We have audited the accompanying financial statements of SERVALAKSHMI PAPER LIMITED (‘the Company), which comprise the balance sheet as at 31 March 2016, the statement of profit and loss and the cash flow statement for the year then ended, and a summary of significant accounting policies and other explanatory information.

Management’s Responsibility for the Financial Statements

The Companys Board of Directors is responsible for the matters stated in Section 134(5) of the Companies Act, 2013 (“the Act”) with respect to the preparation and presentation of these financial statements that give a true and fair view of the financial position, financial performance and cash flows of the Company in accordance with the accounting principles generally accepted in India, including the Accounting Standards specified under Section 133 of the Act, read with Rule 7 of the Companies (Accounts) Rules, 2014. This responsibility also includes maintenance of adequate accounting records in accordance with the provisions of the Act for safeguarding the assets of the Company and for preventing and detecting frauds and other irregularities; selection and application of appropriate accounting policies; making judgments and estimates that are reasonable and prudent; and design, implementation and maintenance of adequate internal financial controls, and ensuring their operating effectiveness for the accuracy and completeness of the accounting records, relevant to the preparation and presentation of the financial statements that give a true and fair view and are free from material misstatement, whether due to fraud or error.

Auditor’s Responsibility

Our responsibility is to express an opinion on these financial statements based on our audit. We have taken into account the provisions of the Act, the accounting and auditing standards and matters which are required to be included in the audit report under the provisions of the Act and the Rules made thereunder.

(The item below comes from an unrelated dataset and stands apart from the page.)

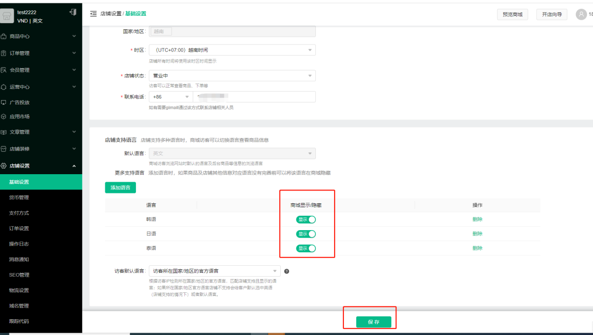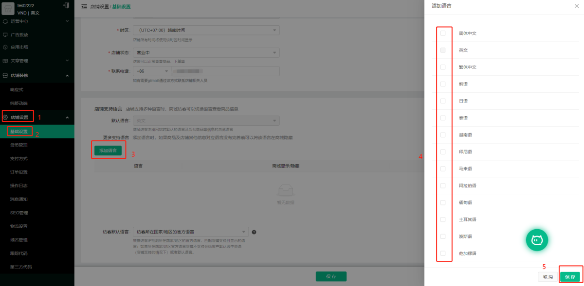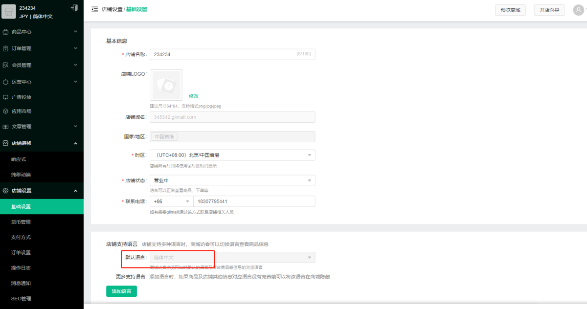 Click [Store Settings] - [Basic Settings], click [Add Language] under the supported languages of the store, select the target language (multiple choices), and click Save.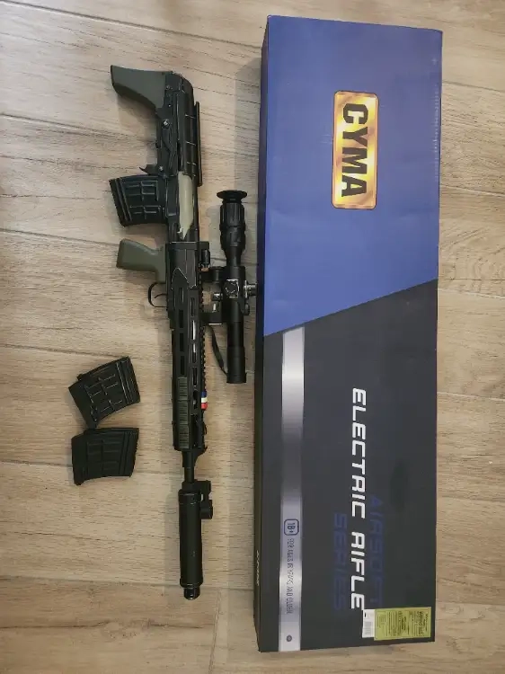 Elle est vendu avec sa boite d'origine avec 2 chargeurs mid cap metal de 100 billes et un chargeur high cap metal, une lunette style pso 1 matrix (140€ neuf) dont le rétroéclairage ne fonctionne plus et une seconde lunette LPVO à zoom variable de chez Novritsch (100€ neuf) ainsi que 9 couvre rails mlok et une batterie 11.1v 1200 mAh ATM.

We conducted our audit in accordance with the Standards on Auditing specified under Section 143(10) of the Act. Those Standards require that we comply with ethical requirements and plan and perform the audit to obtain reasonable assurance about whether the financial statements are free from material misstatement.

An audit involves performing procedures to obtain audit evidence about the amounts and the disclosures in the financial statements. The procedures selected depend on the auditors judgment, including the assessment of the risks of material misstatement of the financial statements, whether due to fraud or error. In making those risk assessments, the auditor considers internal financial control relevant to the Companys preparation of the financial statements that give a true and fair view in order to design audit procedures that are appropriate in the circumstances. An audit also includes evaluating the appropriateness of the accounting policies used and the reasonableness of the accounting estimates made by the Companys Directors, as well as evaluating the overall presentation of the financial statements.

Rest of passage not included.